Aim of the exercise — Leaving out every picture, copy the lines of the material below exactly, from the line containing "GAP Unisex Red" through the line containing "高贵大气的祖母绿,搭配明亮闪".
------ Exercise inputs
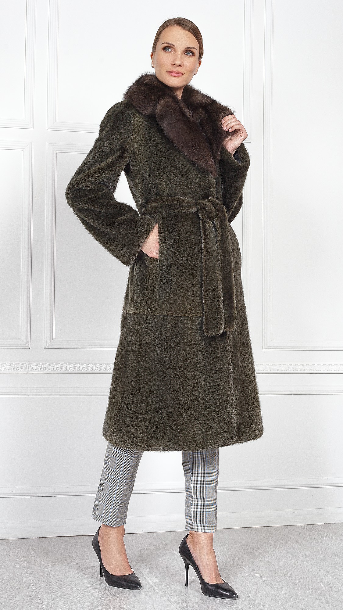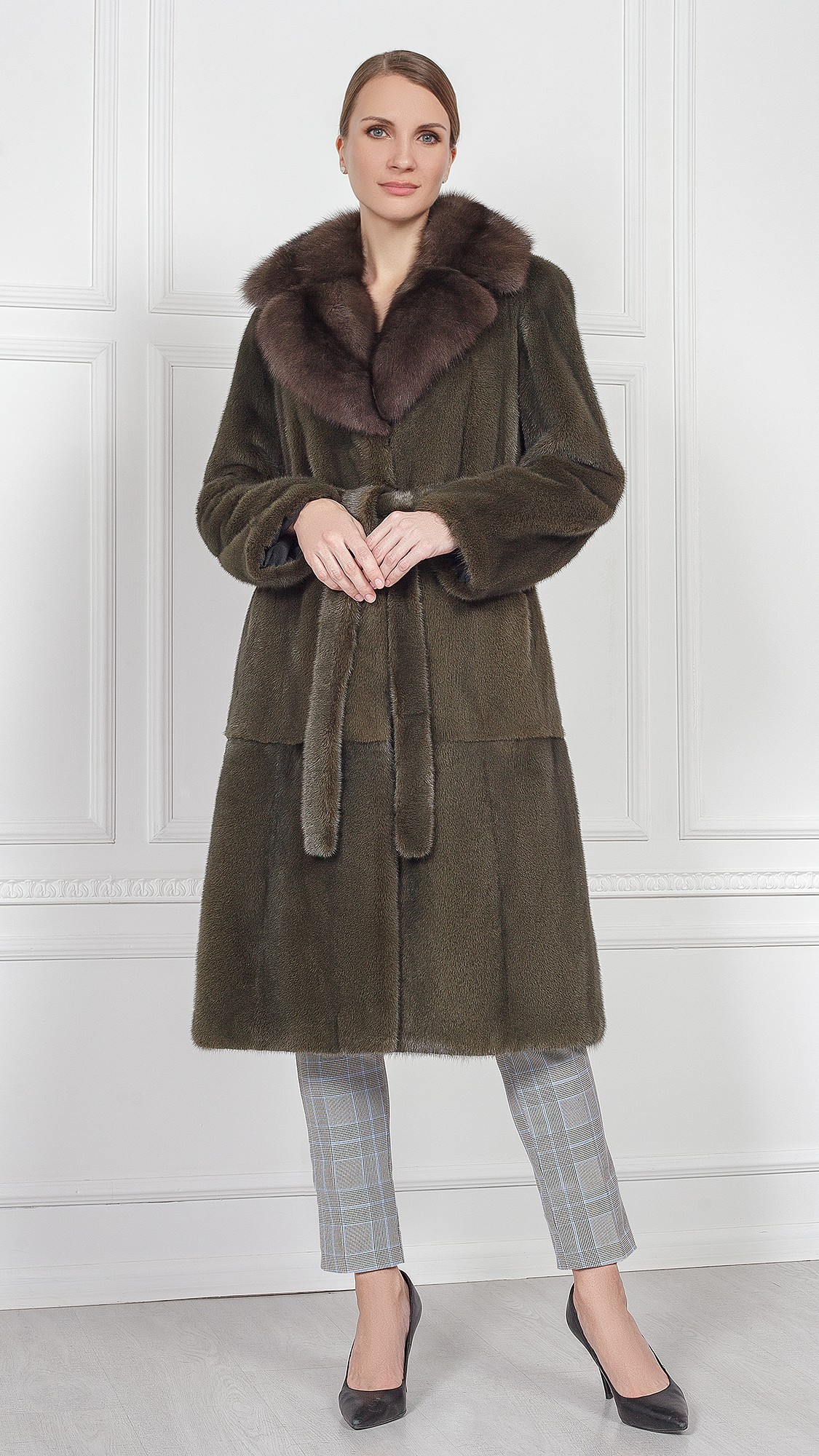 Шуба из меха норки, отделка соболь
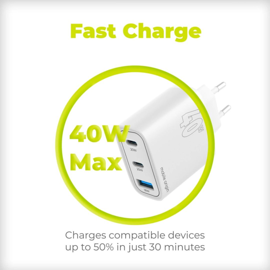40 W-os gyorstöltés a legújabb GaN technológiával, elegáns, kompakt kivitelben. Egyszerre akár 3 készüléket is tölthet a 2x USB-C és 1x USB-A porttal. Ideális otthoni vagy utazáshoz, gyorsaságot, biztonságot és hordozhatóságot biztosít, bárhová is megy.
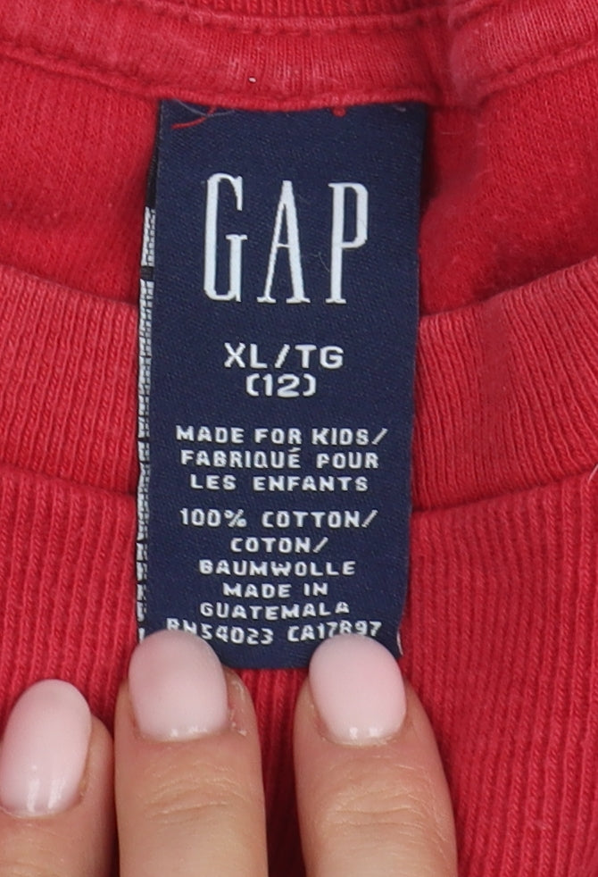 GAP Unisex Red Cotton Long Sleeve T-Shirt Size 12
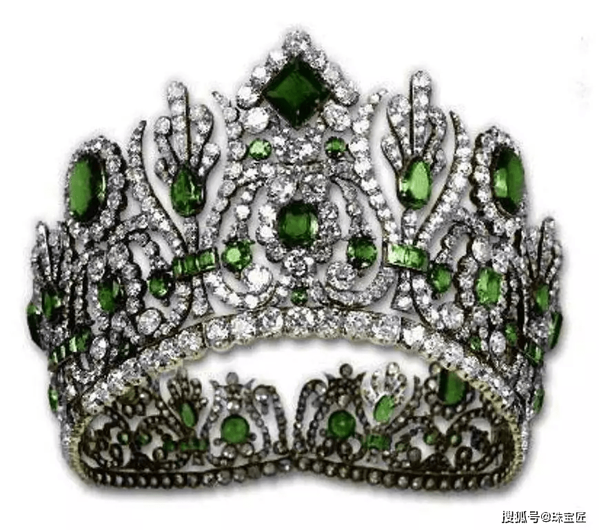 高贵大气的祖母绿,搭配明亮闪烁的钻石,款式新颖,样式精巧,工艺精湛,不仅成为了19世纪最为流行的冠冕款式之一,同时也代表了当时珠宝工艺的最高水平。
------------
------ Exercise inputs
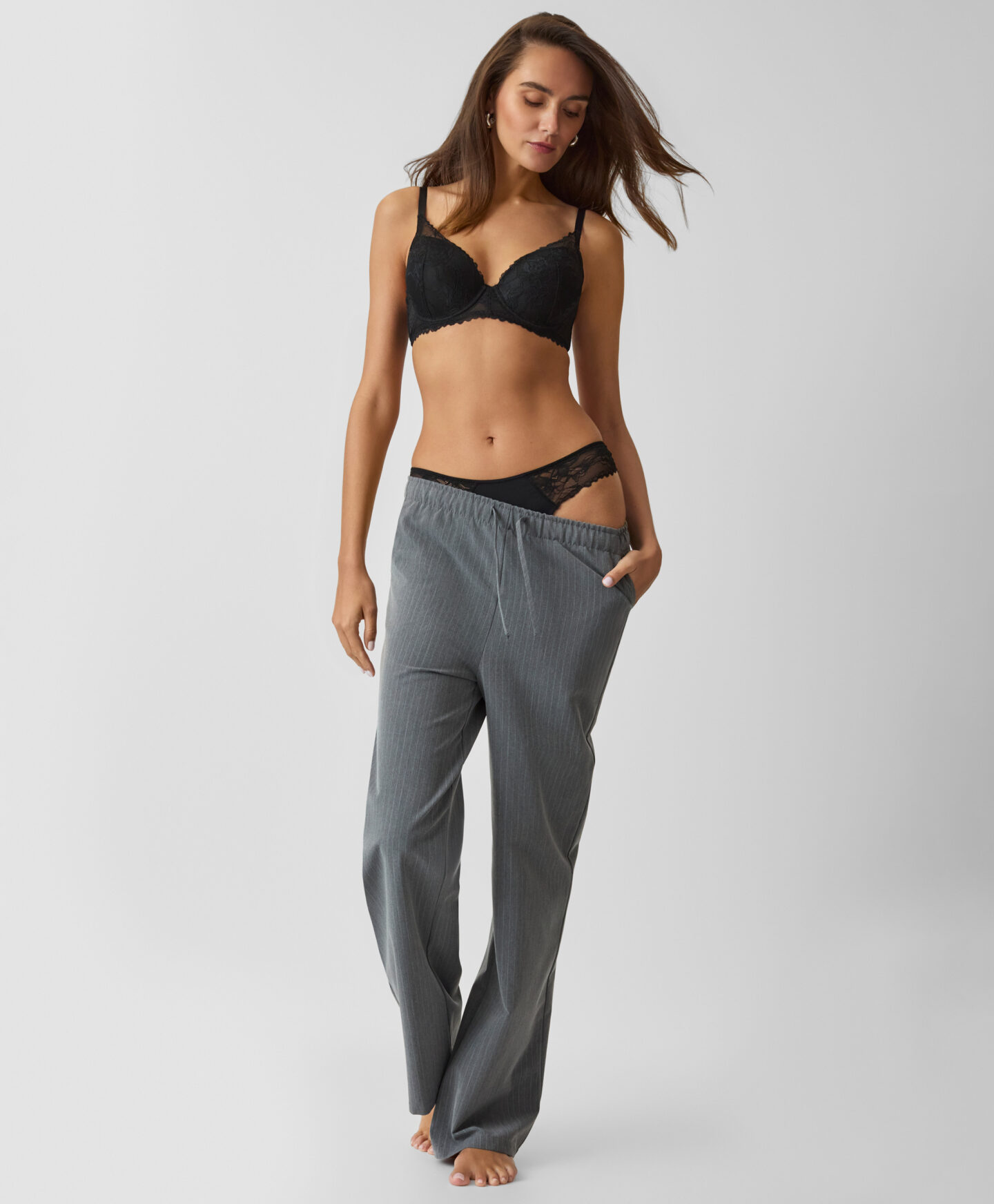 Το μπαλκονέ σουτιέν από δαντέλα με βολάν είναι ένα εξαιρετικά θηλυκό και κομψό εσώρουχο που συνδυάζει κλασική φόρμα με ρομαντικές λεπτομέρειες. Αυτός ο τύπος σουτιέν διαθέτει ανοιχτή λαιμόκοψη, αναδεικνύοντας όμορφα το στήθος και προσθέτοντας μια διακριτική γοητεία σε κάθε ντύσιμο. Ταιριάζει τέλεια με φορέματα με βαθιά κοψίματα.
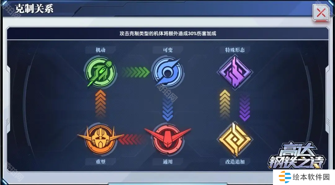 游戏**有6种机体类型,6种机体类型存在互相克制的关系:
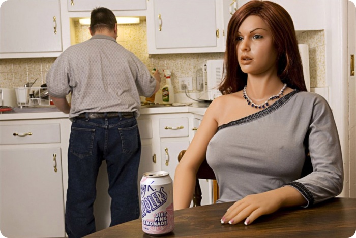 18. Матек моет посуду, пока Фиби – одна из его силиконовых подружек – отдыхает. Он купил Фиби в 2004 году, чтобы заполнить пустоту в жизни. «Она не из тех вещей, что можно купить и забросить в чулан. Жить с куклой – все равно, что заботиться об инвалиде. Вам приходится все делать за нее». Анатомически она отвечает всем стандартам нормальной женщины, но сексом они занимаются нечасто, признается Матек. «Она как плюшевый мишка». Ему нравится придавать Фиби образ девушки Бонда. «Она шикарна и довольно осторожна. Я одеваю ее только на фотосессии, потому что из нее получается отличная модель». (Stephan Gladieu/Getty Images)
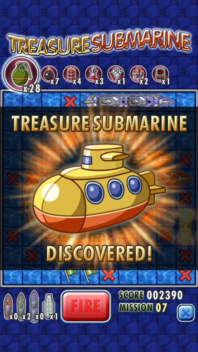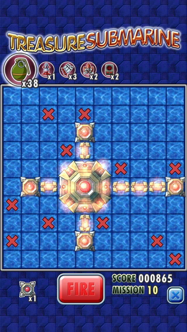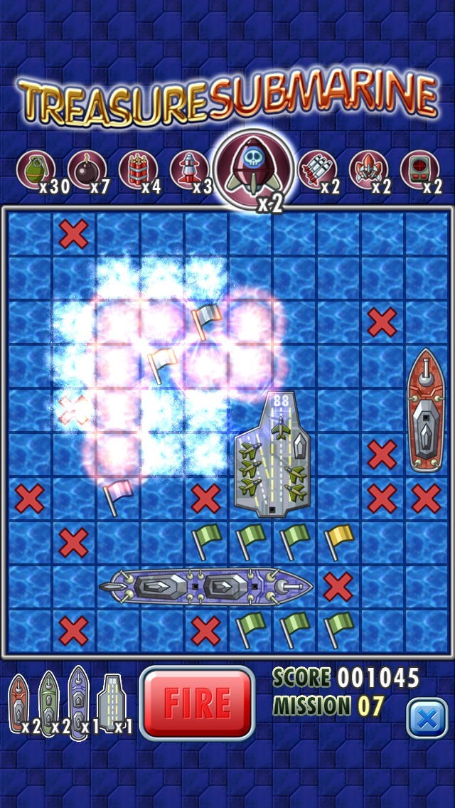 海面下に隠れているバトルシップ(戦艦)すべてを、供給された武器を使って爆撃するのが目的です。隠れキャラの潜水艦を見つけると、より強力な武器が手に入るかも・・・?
------------
------ Exercise inputs
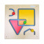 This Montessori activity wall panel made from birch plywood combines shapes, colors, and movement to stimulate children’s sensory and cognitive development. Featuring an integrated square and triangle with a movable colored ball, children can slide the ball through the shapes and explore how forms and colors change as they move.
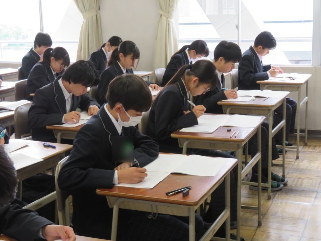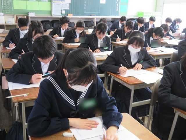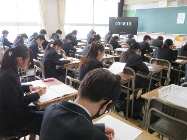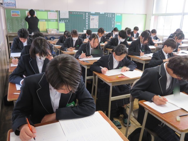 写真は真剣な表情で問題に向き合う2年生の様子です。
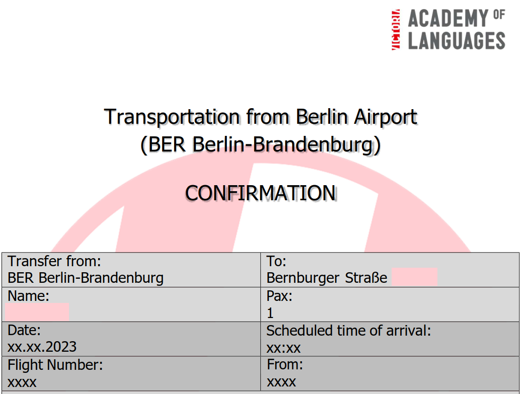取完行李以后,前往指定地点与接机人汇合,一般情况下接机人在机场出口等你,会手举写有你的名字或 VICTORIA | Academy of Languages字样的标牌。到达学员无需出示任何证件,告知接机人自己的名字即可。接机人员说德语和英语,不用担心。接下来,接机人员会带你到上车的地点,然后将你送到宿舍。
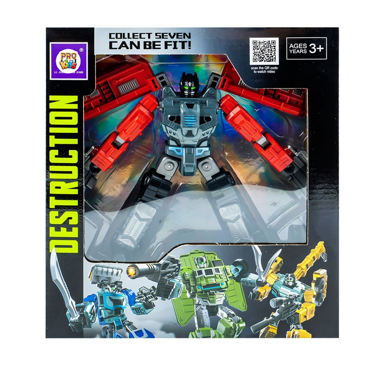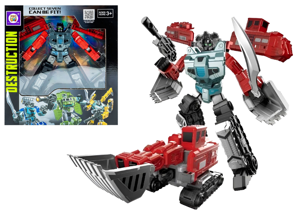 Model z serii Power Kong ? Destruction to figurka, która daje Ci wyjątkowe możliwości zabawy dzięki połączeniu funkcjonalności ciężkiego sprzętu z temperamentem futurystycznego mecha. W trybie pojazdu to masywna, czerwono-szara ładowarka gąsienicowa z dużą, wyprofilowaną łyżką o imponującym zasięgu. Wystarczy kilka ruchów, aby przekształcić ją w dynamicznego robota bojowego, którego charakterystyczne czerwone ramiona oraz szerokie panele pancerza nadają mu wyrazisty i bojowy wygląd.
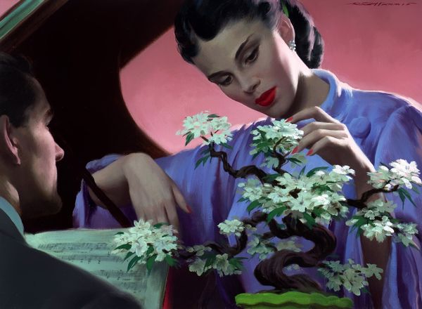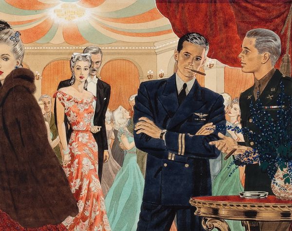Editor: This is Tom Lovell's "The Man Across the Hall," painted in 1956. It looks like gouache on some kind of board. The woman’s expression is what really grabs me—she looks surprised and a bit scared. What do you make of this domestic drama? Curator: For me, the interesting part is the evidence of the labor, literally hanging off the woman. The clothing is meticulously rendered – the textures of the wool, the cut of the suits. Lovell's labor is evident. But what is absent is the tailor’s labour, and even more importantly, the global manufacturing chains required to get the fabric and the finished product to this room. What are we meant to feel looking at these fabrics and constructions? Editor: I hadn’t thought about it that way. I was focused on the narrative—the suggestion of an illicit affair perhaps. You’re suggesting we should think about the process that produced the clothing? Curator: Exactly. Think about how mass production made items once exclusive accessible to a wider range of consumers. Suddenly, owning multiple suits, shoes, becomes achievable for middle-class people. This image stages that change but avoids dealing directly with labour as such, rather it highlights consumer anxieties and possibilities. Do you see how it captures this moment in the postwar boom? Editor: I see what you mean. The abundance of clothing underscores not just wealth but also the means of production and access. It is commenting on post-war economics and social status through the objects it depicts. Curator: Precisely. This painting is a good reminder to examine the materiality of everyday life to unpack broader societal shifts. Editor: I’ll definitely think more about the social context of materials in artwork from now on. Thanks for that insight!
------------
Solution for this exercise —
 GAP Unisex Red Cotton Long Sleeve T-Shirt Size 12
 高贵大气的祖母绿,搭配明亮闪烁的钻石,款式新颖,样式精巧,工艺精湛,不仅成为了19世纪最为流行的冠冕款式之一,同时也代表了当时珠宝工艺的最高水平。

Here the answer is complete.